Al fin se produjo un largo silencio. Leopoldo supuso que su
interlocutor estaba siendo requerido desde tierra. Por su parte,
sabiéndose observado, prefirió evitar todo contacto con Córdoba. Al
cabo de unos cinco minutos irrumpió otra vez la voz castellana:
–Oye, no se como hacértelo saber, pero te tengo muy malas
noticias–
–¿Muy Malas? ¿Qué querés decir?–
–Te lo diré, pero no me guardes rencor, yo no tengo nada que ver,
se trata de una decisión de la Alianza–
–Bueno, no des tantas vueltas, decime que pasa!–
–Hay una orden impartida desde el más alto nivel. Tus naves serán
destruídas–
–¿Destruídas? ¡Carajo! ¡Pero si no tenés ni una honda! ¿Con qué
me vas a destruir?–
–Yo no chaval, la Alianza maneja una parte del armamento que
Europa creó para la guerra de las galaxias... Te la van a dar desde
abajo... Sería mejor que hagas tus oraciones–
–¡No! ¡Paralos, deciles cualquier cosa, pero paralos!–
–Lo siento, pero verás, está fuera de mi alcance. Seguramente ya
habrán empezado la acción. Es bastante complicado ¿sabes?
Primero mandan un rayo láser debilucho, originado en un equipo
terrestre. Éste se refleja en unos cuantos espejos y pasa por varios
amplificadores y dispositivos de enfoque. Todo esto ocurre en el
espacio, finalmente incide en la estación de potencia, como a
seiscientos kilómetros por encima de nuestras cabezas. De allí
emergerá el diabólico haz que te evaporará... recuerda que lo siento
de veras. Estimo que ocurrirá dentro del próximo minuto–
Se hizo una pausa densa, Leopoldo trató de descubrir el brillo
asesino que lo cocinaría desde arriba. Pasó el minuto, pasaron dos,
tres... No vio nada en la escotilla superior, pero a través de la
inferior notó un fuerte destello localizado en la zona geográfica
ubicada entre Francia y España.
–¡Mierda!– exclamó el español.
–¿Qué pasó?–
–¡El chute salíó desviado! ¡Siguió de largo para abajo y le dimos a
la Central Nuclear de Bilbao; ¡la explosión se propagó a otras
usinas y tal parece que nos hemos cargado a todos los Vascos!
...Bueno, digamos que en cierto modo se lo merecían...–
–¡Pero qué bestias! ¿Cómo me pueden haber errado por tanto?–
–Bueno, por tanto... no. Mira que Bilbao está ... estaba digo, justo
debajo nuestro. La puntería es bastante buena porque la Celta99
les sirve de referencia.

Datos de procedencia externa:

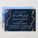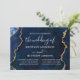 Modern Elegant Watercolor Blue and Gold Marble Agate Geode Wedding Invitation. Trendy Calligraphy Script. Couple Photo Back.

Así que no te alegres, que ya deben estar
cargando la estación de potencia de nuevo–
Leopoldo aumentó el ancho de banda de recepción procurando
escuchar, y de ser posible interferir, la comunicación entre la
Celta99 y la base de La Coruña. Recibió un cocoliche casi
indescifrable, mezcla de transmisiones en francés, ruso, japonés,
inglés, etc.. Febrilmente modificó el ancho de banda en una y otra
dirección hasta que empezó a surgir con cierta nitidez una
conversación en castellano. La interrumpió un ruido eléctrico
isoportable, inmediatamente seguido por una intensísima luz que lo
envolvió y se expandió por el espacio. Esta vez Leopoldo la vió.

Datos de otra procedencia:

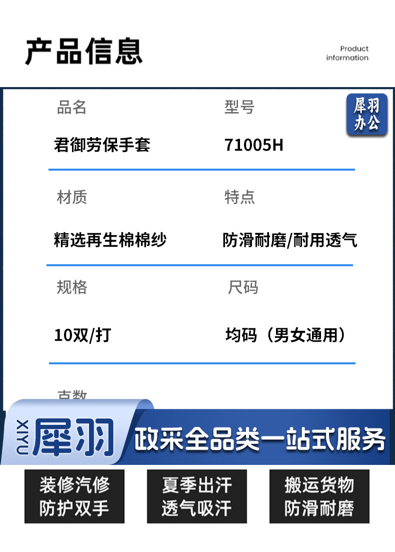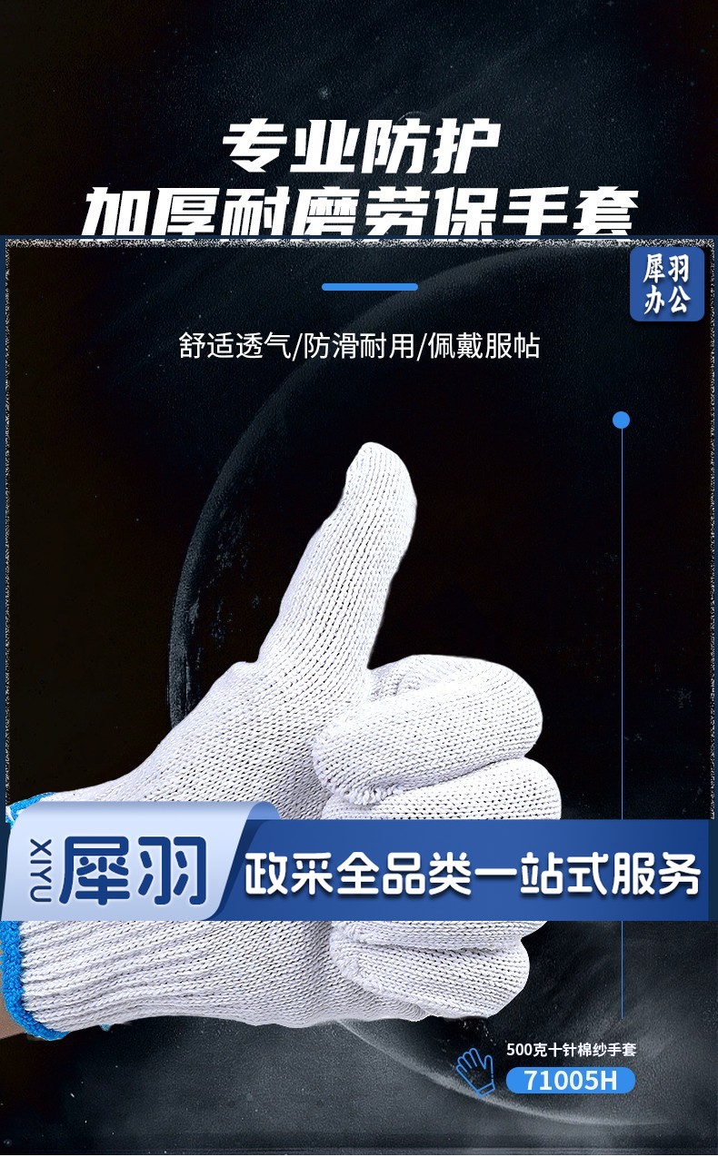 线手套71004H十针加密加厚棉纱手套400克、500克耐磨劳保手套

Tanto la vió que durante diez minutos perdió la visión casi por
completo.
Los ibéricos le habían dado a la nave, pero no a la de Leopoldo sino
a la de Juan Alfonso.
Mucho antes de recuperar la visión, recuperó el audio. Se oía un
griterío conformado por “hurras” y “bravos”, acompañado de
cerrados aplausos, dentro del cual se distinguió claramente un:
–¡Ahora sí que le dimos al cabrón! ¿Eh, Juan?–
Leopoldo cerró el audio.
–...Estos gallegos... ¡Pobre Rodríguez y Miña!– dijo una vez que se
hubo recuperado un poco. Y Mientras valoraba la inmensa suerte
que había tenido, se dispuso a disfrutar de otros buenos mates.